1+2 are important as they often result in less dangerous biases.  Bringing “dark data” to light is proving very useful in industrial settings and bias tends to be less of an issue in this type of “big data” when used in more B2B settings, for example, to improve operational efficiency rather than decide consumer tastes or product features.

3. Data is much more useful when they are integrated into the workflow, in the physical space of your workspace when you need it.  They are also much more useful when they are user-behaviour and need driven (in consumer applications), or worker-behavior and need driven (in enterprise applications).  Framing the conversation that way helps drive the collection of data that may have to cross the data silos and enables information and potentially analysis and insight to be developed and business value to be realised.  This can mean the difference between isolated or siloed data (and their respective siloed analytics products) and in-context information, which in turn can mean the difference between simple digitisation and digital transformation.   

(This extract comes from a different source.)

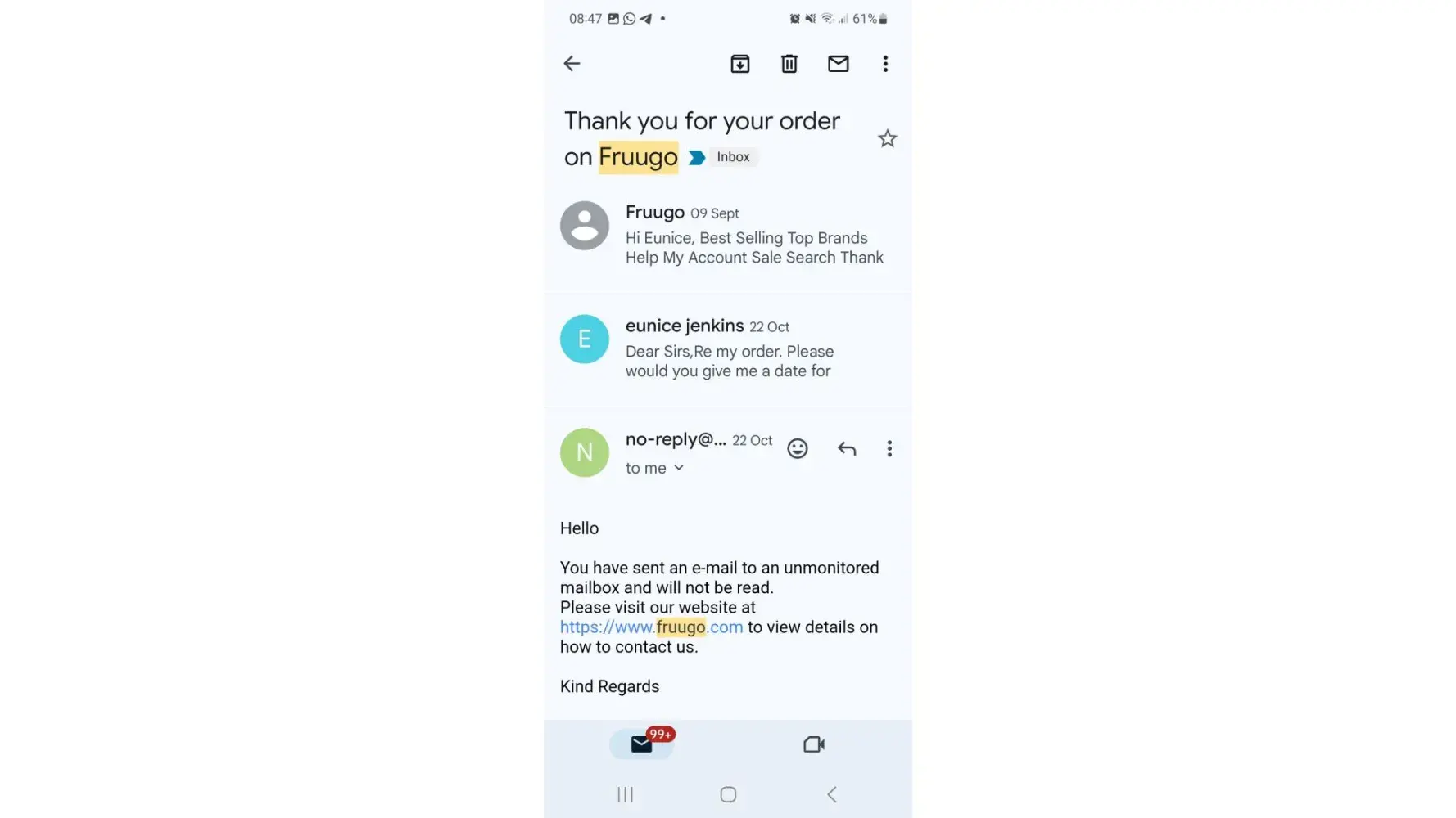On the 14th June I ordered a wig from fruugo. I used my email address, the order was confirmed and I got the reference number so that I could track my order. To my surprise when I was tracking my order on the 4th my email was no longer acceptable, but it's the same email address I have been using. So now I can't track the whereabouts of the order and fruugo doesn't send any emails to me anymore. I don't know what to do in order to get my order.

4. Calling everything data can be misleading and encourage us to lose sight of the fact that there is usually a complicated human being behind a piece of data: as an example, does that person’s expressed preference tell us more about his or her buying intentions or is his or her implied preference(s) from past behavior more useful?  We cannot avoid making judgements of this kind or needing these to shape how we (construct the algorithms to) analyse the data.  We also need to recognise the limitations of the data and exercise care when using the predictions.

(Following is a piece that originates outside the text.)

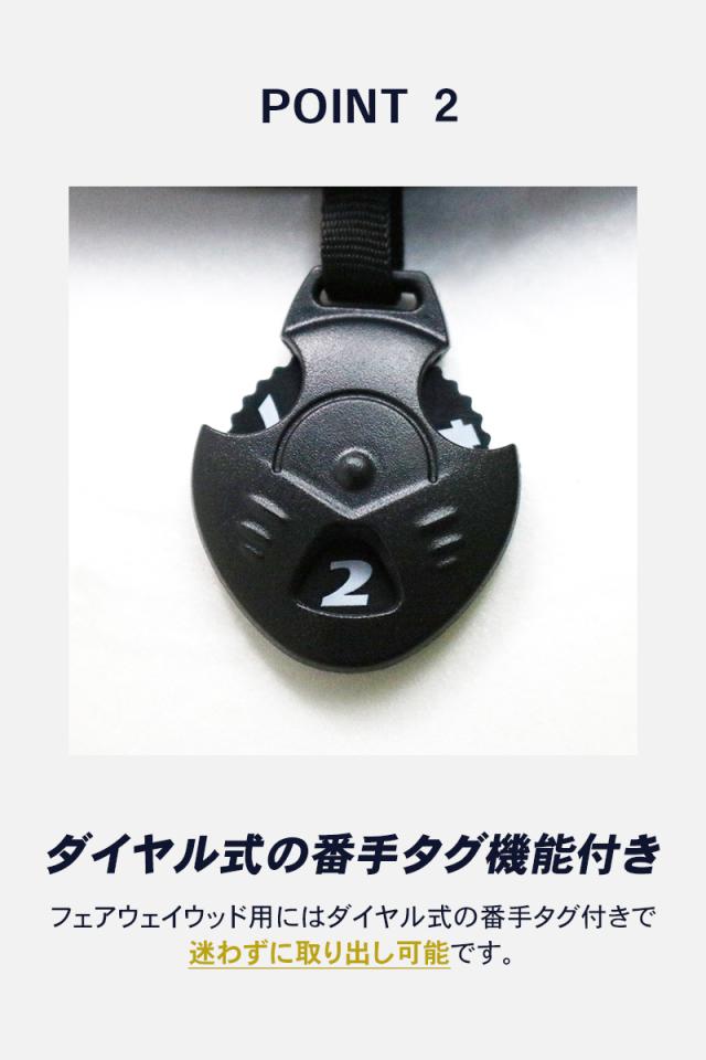 フェアウェイウッド用にはダイヤル式の番手タグ付きで、迷わずに取り出し可能です。

5. Data that have (identification or travel) restrictions on them: relatedly, we are living in a world where it is becoming a “must” to distinguish between various types of data, with privacy-sensitive and personal data requiring (different levels of) (privacy) protection and sometimes geographic restrictions (limitations on “crossing borders” or “travelling”) or what has been called “data sovereignty”.

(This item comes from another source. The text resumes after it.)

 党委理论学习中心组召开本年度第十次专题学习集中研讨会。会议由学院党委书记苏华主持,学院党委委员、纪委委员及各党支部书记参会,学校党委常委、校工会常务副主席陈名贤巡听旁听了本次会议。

Bringing these 5 points together, and considering what to do about them, we come to 2 major considerations:

First, we need to avoid the internet of connected unintelligence.  Not-useful data take up storage space, processing them also takes up power, and sending them to the cloud creates the additional series of problems, including wasting bandwidth, increasing security risks on the network, and so on.

Second, when we work out which data to “dump” and which data need to be sent to the cloud – and which cloud – then we’ll know what we need to do at the “edge” (and there is also data that needs to stay at the device or the device edge.)  Edge native will inevitably arise; data sovereignty is increasingly a driver for edge computing.

Further, it is sometimes not necessary to make “big data” bigger than it needs to be.

A lot of data will be unused and thrown away, which is probably a good thing.  Some data is useful only for that day or within a short timeframe.  Unless we find ways to manage the data flows, “traffic jams” will create latency – i.e. slow response time – which reduces the value of “big data”.

This brings us full circle back to point 1 above.  A lot of data is only temporarily useful; let’s deal with them quickly and dump them quickly.

Finally, the “so-what”:

  1. Differentiating between different values and assessing the quality of data is and will become increasingly important, especially within an enterprise context.
  2. AI today and over the next few years will be focused more on quality of algorithm and quality of data.
  3. There are limits to the race-to-as-much-data-as-possible approach, and all AI solutions will have some built-in “speed ramps” including an accelerated focus on “explainability” (on what data is used, how it is collected, and transparency over the algorithms being applied).  
  4. Further, there are some simple observations that tell us data is not the new oil: each unit of oil looks and performs fairly similarly to the another, while the medical data of a person will be really quite different from one person to the next, while a person’s genomic data are themselves correlated in various different (still somewhat unknown) ways to the person’s phenotype data.

Question to companies young and old: are you building your data architectures based on these considerations, and is your business model aligned accordingly?